Third, Trump left Hamburg without holding a press conference, either solo or with some of the other leaders. This may be unprecedented. Instead, the White House released photographs of Trump talking with other leaders, sometimes smiling or looking brow-furrow concerned.

And on the plane back to Washington, Treasury Secretary Steve Mnuchin, National Economic Council Director Gary Cohn, and National Security Adviser H.R. McMaster briefed the press in particularly dismaying fashion.

Cohn managed to preserve some of his dignity, spending most of his time merely listing the president’s meetings and speeches. McMaster focused on the trip that Trump took in Poland before the G-20 began, stressing America’s commitment to Polish and European freedom. But Mnuchin, the former Goldman Sachs banker who’d been one of Trump’s early campaign supporters, went all in, saying three times that his boss handled the meeting with Putin “brilliantly” (which he couldn’t have known, not being in the room) and once saying Trump was “brilliant” in his bilaterals with German Chancellor Angela Merkel and British Prime Minister Theresa May as well.

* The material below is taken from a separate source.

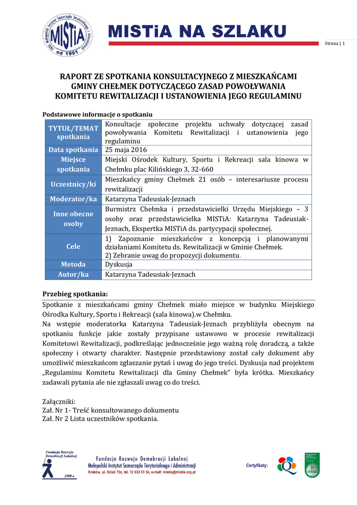 Strona | 1 RAPORT ZE SPOTKANIA KONSULTACYJNEGO Z MIESZKAŃCAMI GMINY CHEŁMEK DOTYCZĄCEGO ZASAD POWOŁYWANIA KOMITETU REWITALIZACJI I USTANOWIENIA JEGO REGULAMINU Podstawowe informacje o spotkaniu Konsultacje społeczne projektu uchwały dotyczącej zasad TYTUŁ/TEMAT powoływania Komitetu Rewitalizacji i ustanowienia jego spotkania regulaminu Data spotkania 25 maja 2016 Miejsce Miejski Ośrodek Kultury, Sportu i Rekreacji sala kinowa w spotkania Chełmku plac Kilińskiego 3, 32-660 Mieszkańcy gminy Chełmek 21 osób – interesariusze procesu Uczestnicy/ki rewitalizacji Moderator/ka Katarzyna Tadeusiak-Jeznach Burmistrz Chełmka i przedstawicielki Urzędu Miejskiego – 3 Inne obecne osoby oraz przedstawicielka MISTiA: Katarzyna Tadeusiakosoby Jeznach, Ekspertka MISTiA ds. partycypacji społecznej. 1) Zapoznanie mieszkańców z koncepcją i planowanymi Cele działaniami Komitetu ds. Rewitalizacji w Gminie Chełmek. 2) Zebranie uwag do propozycji dokumentu. Metoda Dyskusja Autor/ka Katarzyna Tadeusiak-Jeznach Przebieg spotkania: Spotkanie z mieszkańcami gminy Chełmek miało miejsce w budynku Miejskiego Ośrodka Kultury, Sportu i Rekreacji (sala kinowa).w Chełmku. Na wstępie moderatorka Katarzyna Tadeusiak-Jeznach przybliżyła obecnym na spotkaniu funkcje jakie zostały przypisane ustawowo w procesie rewitalizacji Komitetowi Rewitalizacji, podkreślając jednocześnie jego ważną rolę doradczą, a także społeczny i otwarty charakter. Następnie przedstawiony został cały dokument aby umożliwić mieszkańcom zgłaszanie pytań i uwag do jego treści. Dyskusja nad projektem „Regulaminu Komitetu Rewitalizacji dla Gminy Chełmek” była krótka. Mieszkańcy zadawali pytania ale nie zgłaszali uwag co do treści. Załączniki: Zał. Nr 1- Treść konsultowanego dokumentu Zał. Nr 2 Lista uczestników spotkania. Certyfikaty:

But Mnuchin’s ecstatic ramblings are welcome in the sense that they expose Trump’s trip for what it was—an attempt to jack up his image, not so much to his G-20 colleagues (most of whom, he must know, dislike or distrust him) but rather to his die-hard supporters back home, many of whom like the fact that he’s on the outs with foreign governments.

On July 14, Bastille Day, thousands of French marchers, who would ordinarily be celebrating their revolution, will be protesting Trump’s very presence in their midst, even declaring vast public squares as “No Trump Zones.”